In spoedeisende gevallen kan de openbare kennisgeving uitsluitend door aankondiging op het digitale raadsinformatiesysteem plaatsvinden.
Paragraaf 2. Ter vergadering
Artikel 11. Presentielijst
- 1.
De griffier draagt zorg voor het bijhouden van presentielijsten van raadsvergaderingen.
- 2.
Bij binnenkomst in de vergaderzaal tekenen raadsleden de presentielijst, die aan het einde van elke raadsvergadering door de voorzitter en de griffier door ondertekening wordt vastgesteld.
Artikel 11a. Opening vergadering en quorum
- 1.
De voorzitter opent de vergadering op het vastgestelde tijdstip, indien het daarvoor door de wet vereiste aantal leden van de raad blijkens de presentielijst aanwezig is.
- 2.
Wanneer een kwartier na het vastgestelde tijdstip niet het vereiste aantal leden aanwezig is, bepaalt de burgemeester, na het voorlezen van de namen van de aanwezige leden, dag en uur van de volgende vergadering, met inachtneming van artikel 20 van de wet.

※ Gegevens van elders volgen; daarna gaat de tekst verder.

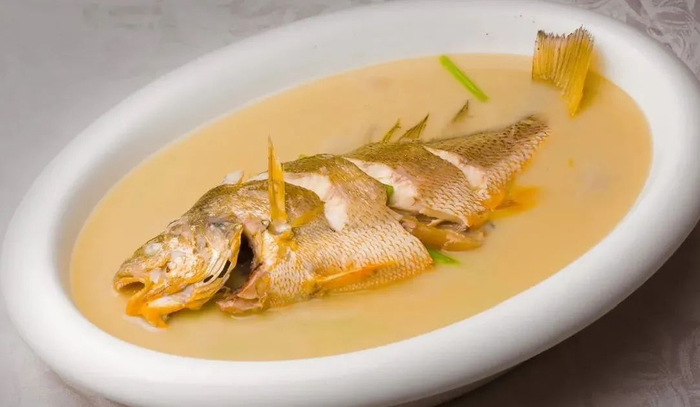 “雪里蕻”是宁波一带每家常备之菜,当地有句老话:“三天勿喝咸菜(即雪里蕻)汤,两脚有点酸汪汪。”黄鱼鱼体肥壮,肉质结实,汤汁乳白浓醇,口味鲜咸合一。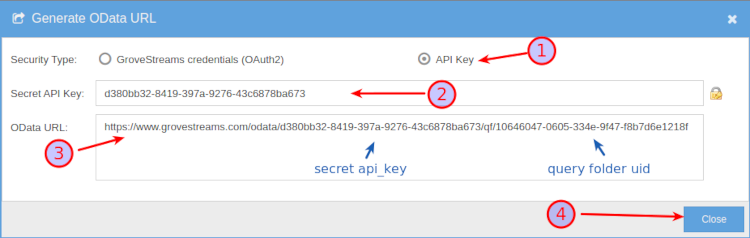 1. Select API Key. Some reporting tools support OAuth2, but using an API key allows OData report users to access data without a GroveStreams account. In contrast, the OAuth2 option requires reporting users to have a GroveStreams account. When OAuth2 is used, the reporting tool will prompt for the user’s GroveStreams email and password. The user must have Read and Traverse rights for the selected query folder. Some reporting tools do not support OData with OAuth2 security. For example, Desktop MS Power BI Report Builder and Public Desktop Tableau do not support third-party OAuth2 authentication.

Artikel 12. Aantal spreektermijnen
- 1.
Beraadslaging over onderwerpen of voorstellen geschiedt in ten hoogste twee termijnen, tenzij de raad anders beslist.
- 2.
Spreektermijnen worden door de voorzitter afgesloten.
- 3.
Raadsleden voeren in een termijn niet meer dan éénmaal het woord over hetzelfde onderwerp of voorstel.
- 4.
Het derde lid is niet van toepassing op een raadslid dat een amendement, een subamendement, een motie of een initiatiefvoorstel heeft ingediend ten aanzien van de beraadslaging daarover.
- 5.
Bij de bepaling hoeveel keer een raadslid over hetzelfde onderwerp of voorstel het woord heeft gevoerd, wordt niet meegerekend het spreken over een voorstel van orde.

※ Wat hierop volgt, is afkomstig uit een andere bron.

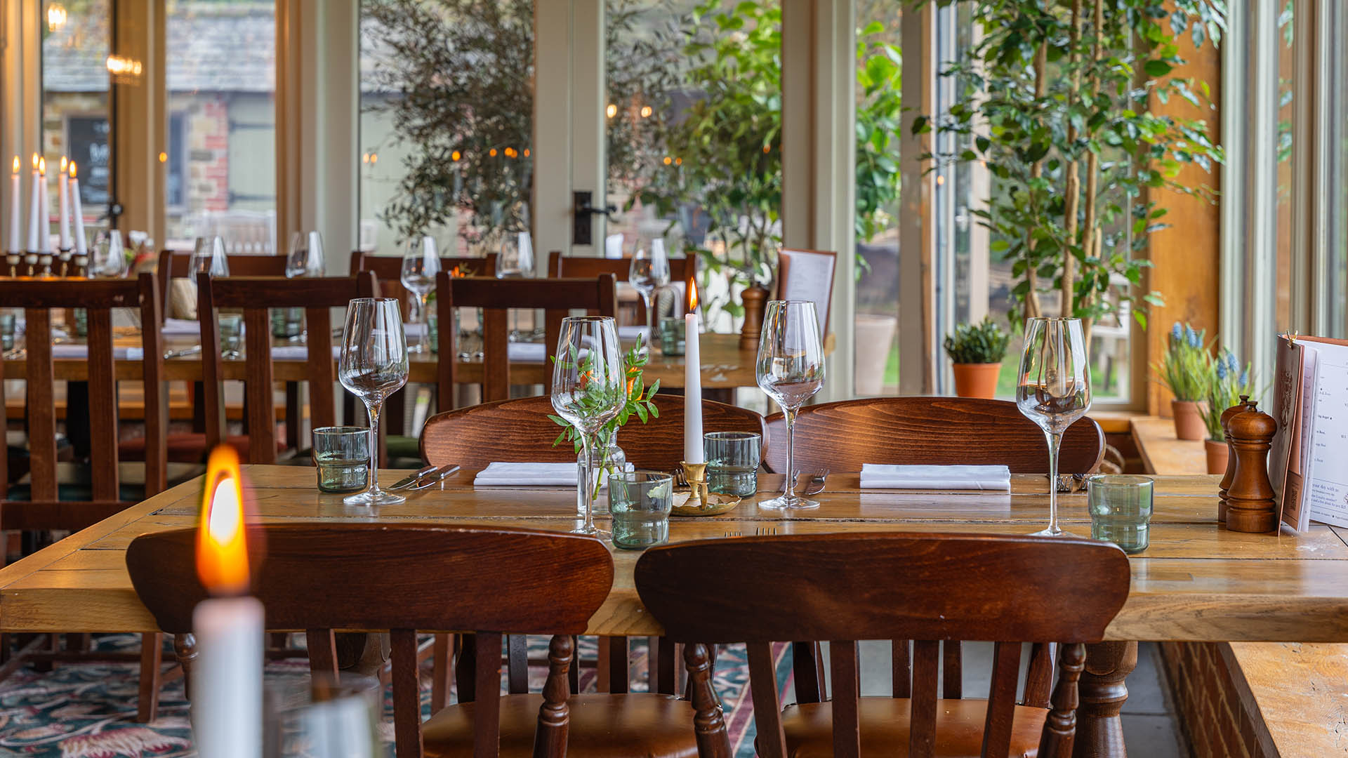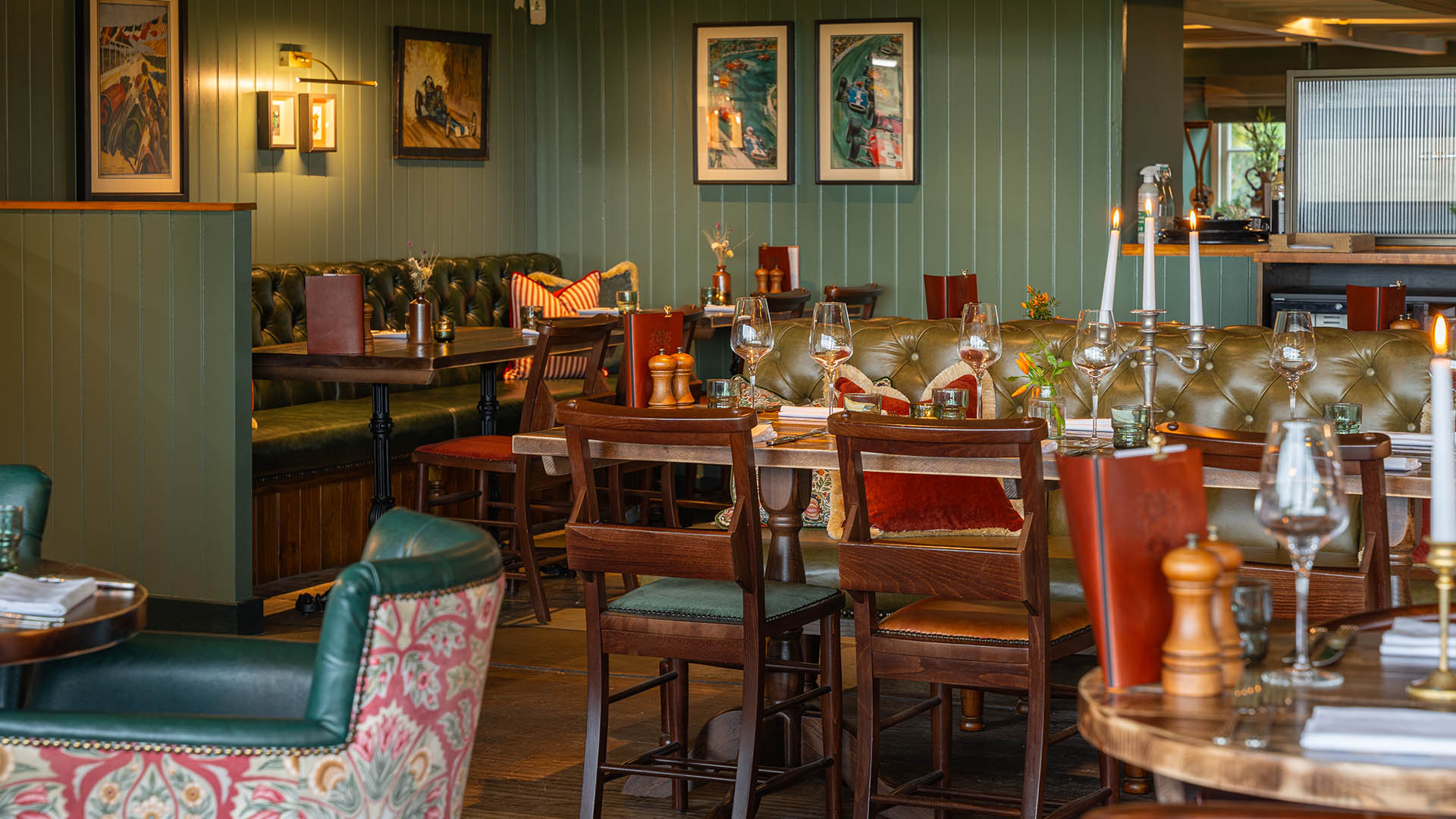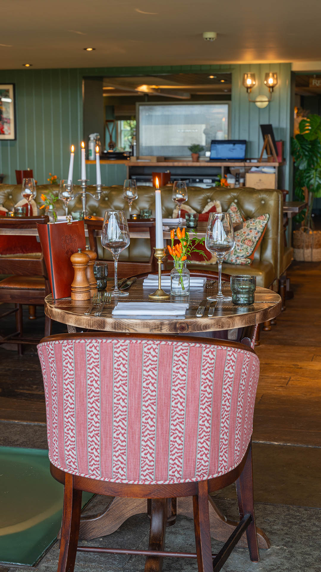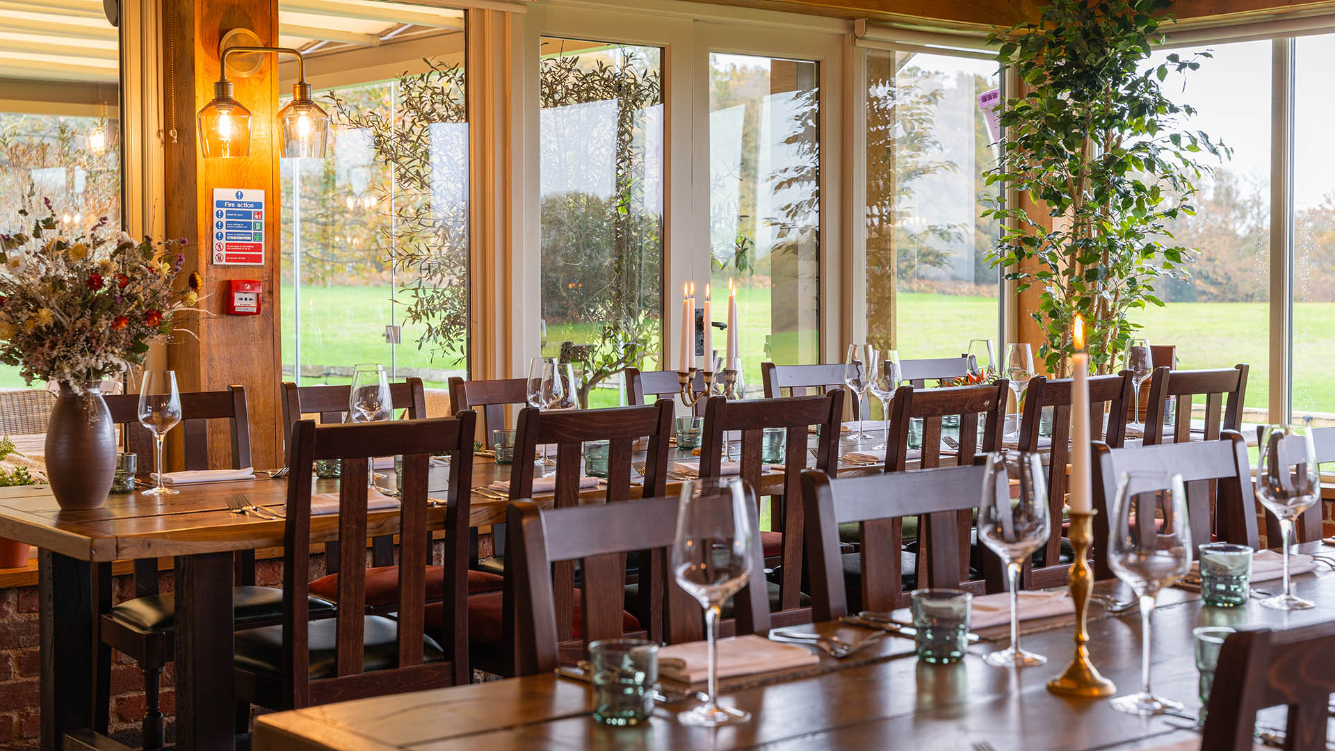 Opening up the space between the bar and the dining room has created a more spacious and welcoming environment. Large picture windows in the dining area frame views of the neighbouring woodland and the rolling South Downs, providing the perfect backdrop for a relaxed meal or drink.

Artikel 13. Deelname aan de beraadslaging door anderen
Onverminderd artikel 21, eerste en tweede lid, van de wet, kan de raad besluiten dat anderen mogen deelnemen aan de beraadslaging.
Artikel 13a. Spreekrecht burgers
- 1.
Burgers kunnen in een raadsvergadering het woord voeren over onderwerpen die geagendeerd zijn, met uitzondering van:
- a.
het vragenuur, de mededelingen, de toezeggingenlijst en afdoeningslijst moties, de besluitenlijst en de lijst met ingekomen stukken; en
- b.
benoemingen, voordrachten of aanbevelingen van personen.
- 2.
Degene die van het spreekrecht gebruik wil maken, meldt dit binnen 24 uur voor aanvang van de vergadering aan de griffier onder vermelding van zijn naam, adres en telefoonnummer en het onderwerp waarover hij het woord wenst te voeren.
- 3.
De voorzitter geeft het woord op volgorde van aanmelding, tenzij afwijking van die volgorde in het belang is van de orde van de vergadering.
- 4.
De inspreker voert voorafgaand aan de behandeling van het onder lid 1 genoemde onderwerp maximaal vijf minuten het woord, nadat de voorzitter hem dit heeft verleend. De voorzitter kan de deelnemers aan de vergadering toestaan aan insprekers een korte, verhelderende vraag te stellen. Er vindt geen discussie plaats tussen een inspreker en deelnemers van de vergadering.
- 5.
De voorzitter of een raadslid doet een voorstel voor de behandeling van de inbreng van de inspreker.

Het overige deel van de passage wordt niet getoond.